> _SUPPLIED INFORMATION_:
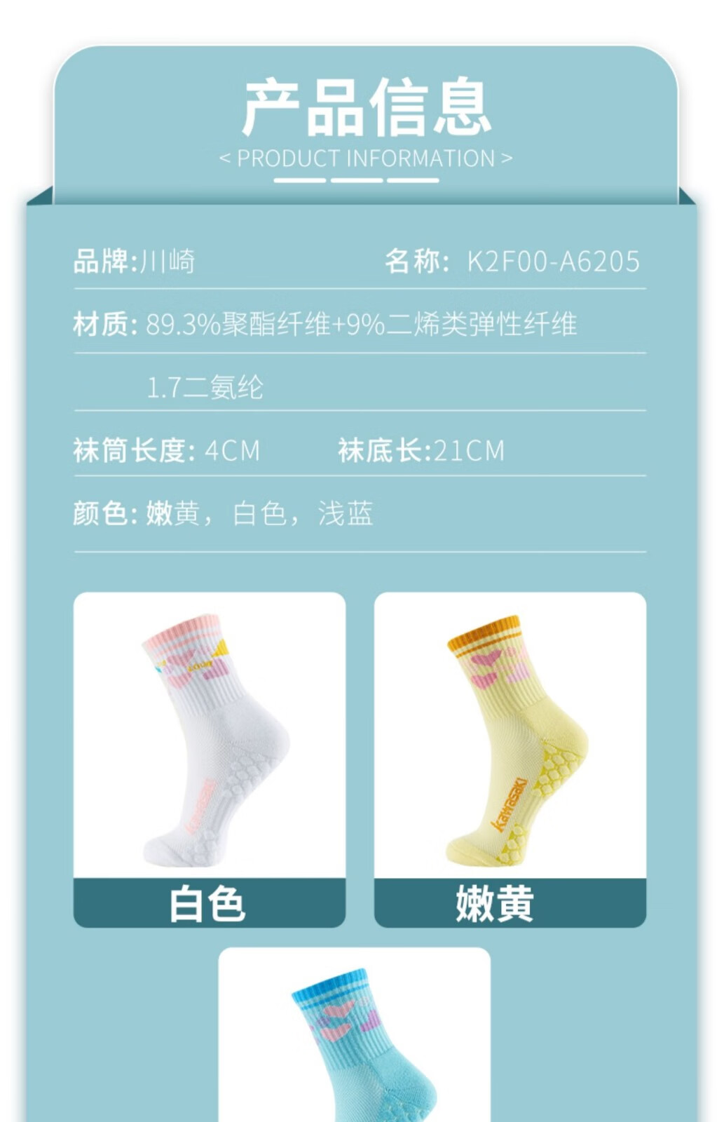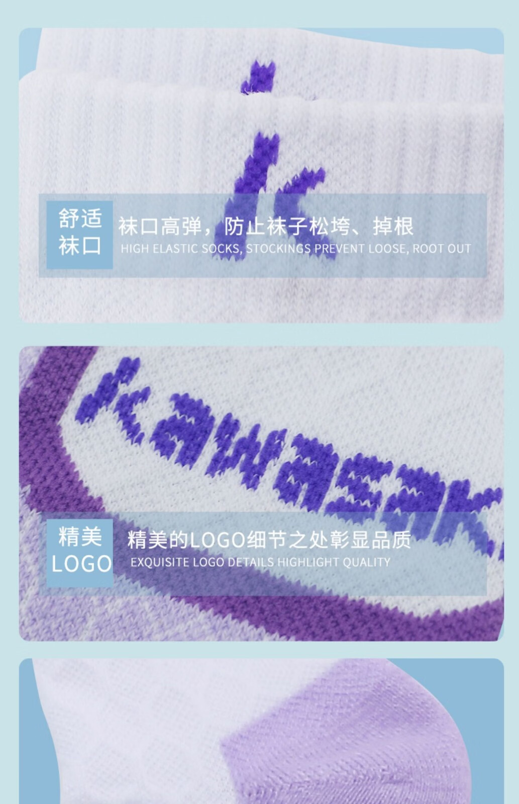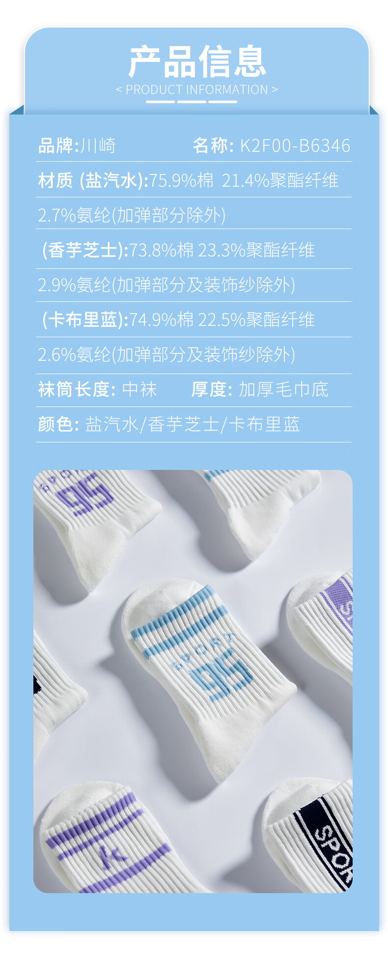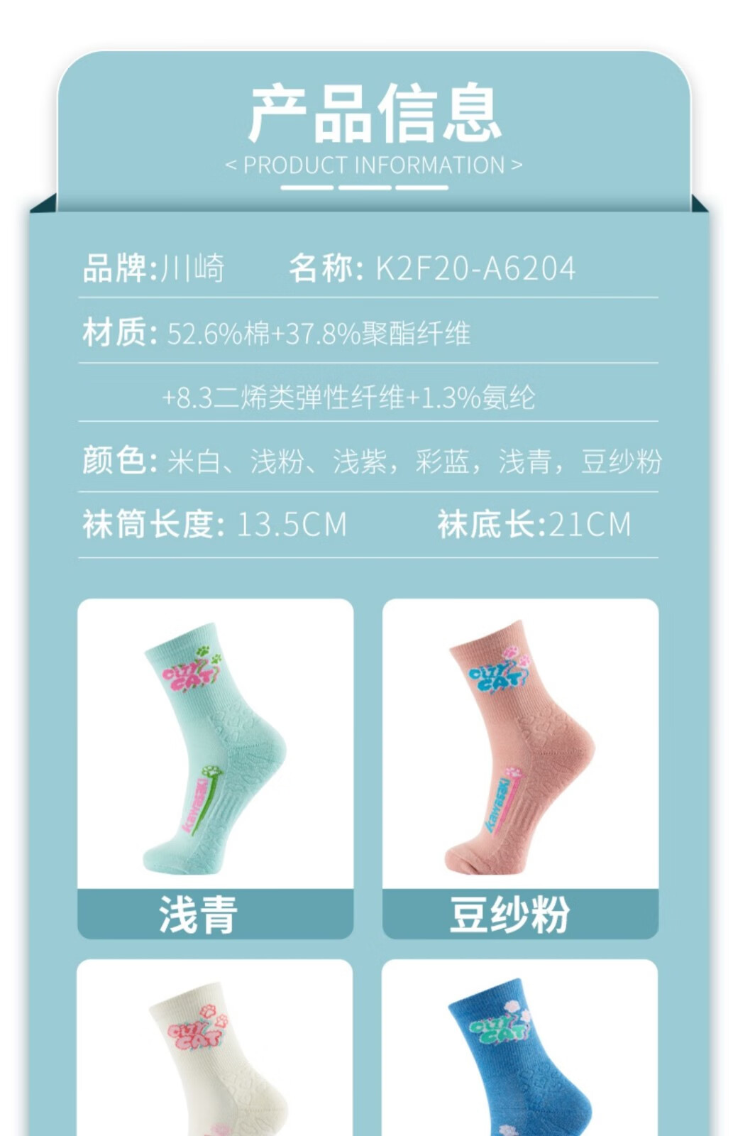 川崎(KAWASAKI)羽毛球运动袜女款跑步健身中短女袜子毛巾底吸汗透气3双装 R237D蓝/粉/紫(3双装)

--

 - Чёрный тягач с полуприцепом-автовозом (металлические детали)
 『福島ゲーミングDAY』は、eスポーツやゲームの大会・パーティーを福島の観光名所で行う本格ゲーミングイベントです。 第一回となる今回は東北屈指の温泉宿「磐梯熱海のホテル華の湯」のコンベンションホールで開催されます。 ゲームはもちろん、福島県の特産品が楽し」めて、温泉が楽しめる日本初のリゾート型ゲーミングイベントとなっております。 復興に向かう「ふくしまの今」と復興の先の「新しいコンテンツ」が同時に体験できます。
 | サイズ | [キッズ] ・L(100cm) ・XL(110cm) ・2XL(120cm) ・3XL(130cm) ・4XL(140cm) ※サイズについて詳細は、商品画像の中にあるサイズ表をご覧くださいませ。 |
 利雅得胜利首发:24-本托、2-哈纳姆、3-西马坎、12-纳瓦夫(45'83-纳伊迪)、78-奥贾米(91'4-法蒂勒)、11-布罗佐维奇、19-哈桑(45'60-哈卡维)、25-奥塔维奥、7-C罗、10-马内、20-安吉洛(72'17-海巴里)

---

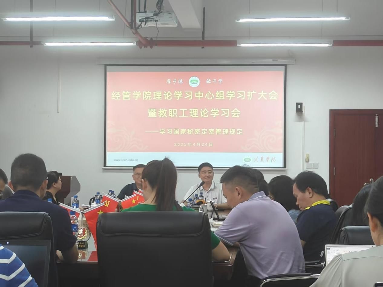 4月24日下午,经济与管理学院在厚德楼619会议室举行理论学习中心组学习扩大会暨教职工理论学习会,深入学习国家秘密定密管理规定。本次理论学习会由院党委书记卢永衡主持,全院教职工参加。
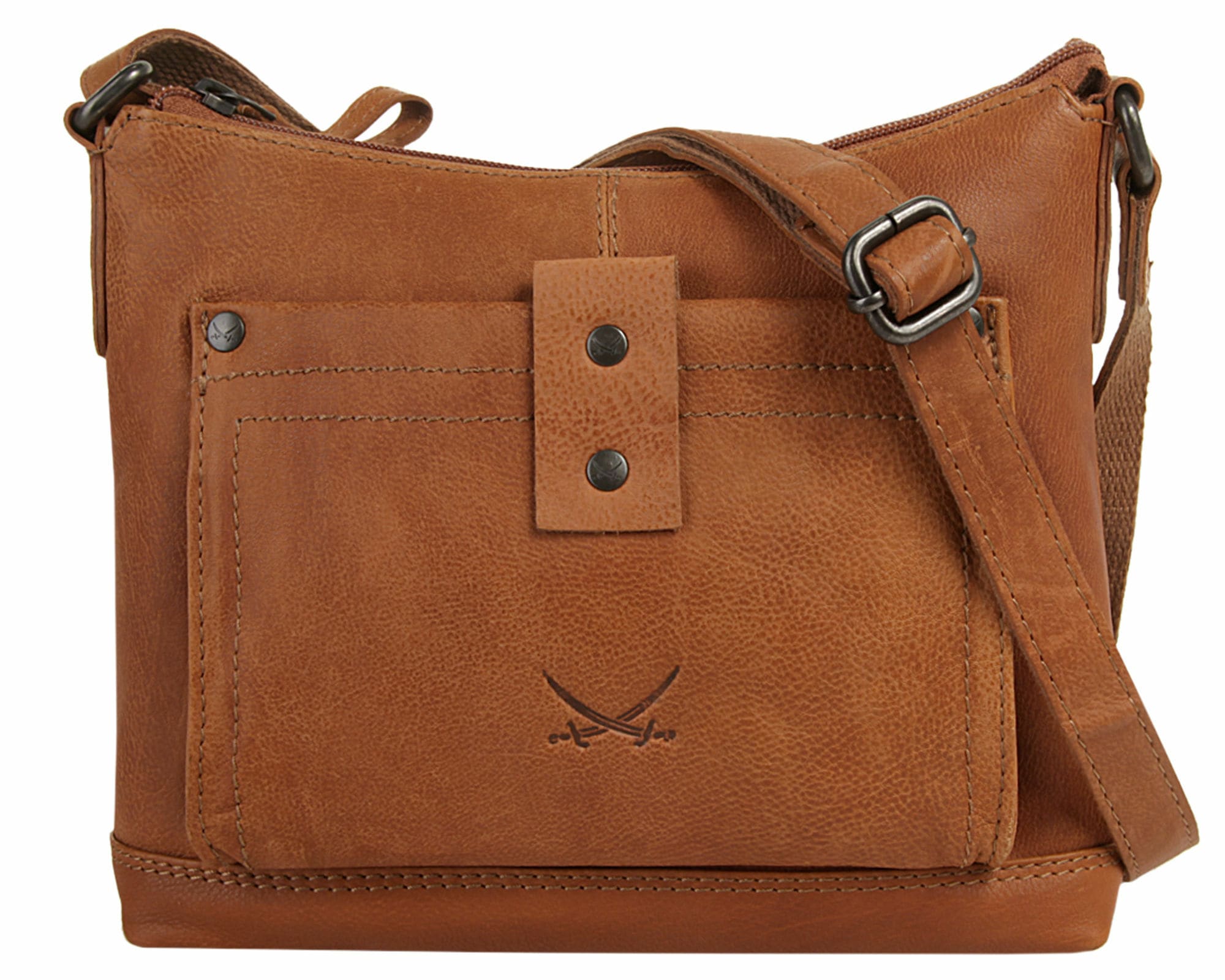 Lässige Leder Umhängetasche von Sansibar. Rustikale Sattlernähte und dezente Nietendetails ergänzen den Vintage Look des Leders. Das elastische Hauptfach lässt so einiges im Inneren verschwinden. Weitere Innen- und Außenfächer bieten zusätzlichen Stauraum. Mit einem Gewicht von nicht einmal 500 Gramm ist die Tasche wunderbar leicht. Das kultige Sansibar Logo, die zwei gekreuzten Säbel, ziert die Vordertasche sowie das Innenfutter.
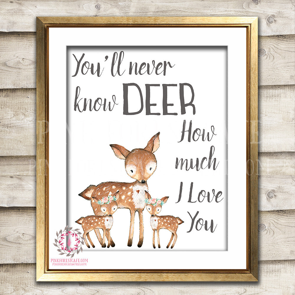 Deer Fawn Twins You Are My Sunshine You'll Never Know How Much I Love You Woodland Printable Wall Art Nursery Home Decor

> _WHAT IS EXPECTED_: Among the entries above, find the line with "4月24日下午,经济与管理学" and repeat exactly from there through the line with "Deer Fawn Twins", leaving out the pictures.

> _EXERCISE RESPONSE_:
 4月24日下午,经济与管理学院在厚德楼619会议室举行理论学习中心组学习扩大会暨教职工理论学习会,深入学习国家秘密定密管理规定。本次理论学习会由院党委书记卢永衡主持,全院教职工参加。
 Lässige Leder Umhängetasche von Sansibar. Rustikale Sattlernähte und dezente Nietendetails ergänzen den Vintage Look des Leders. Das elastische Hauptfach lässt so einiges im Inneren verschwinden. Weitere Innen- und Außenfächer bieten zusätzlichen Stauraum. Mit einem Gewicht von nicht einmal 500 Gramm ist die Tasche wunderbar leicht. Das kultige Sansibar Logo, die zwei gekreuzten Säbel, ziert die Vordertasche sowie das Innenfutter.
 Deer Fawn Twins You Are My Sunshine You'll Never Know How Much I Love You Woodland Printable Wall Art Nursery Home Decor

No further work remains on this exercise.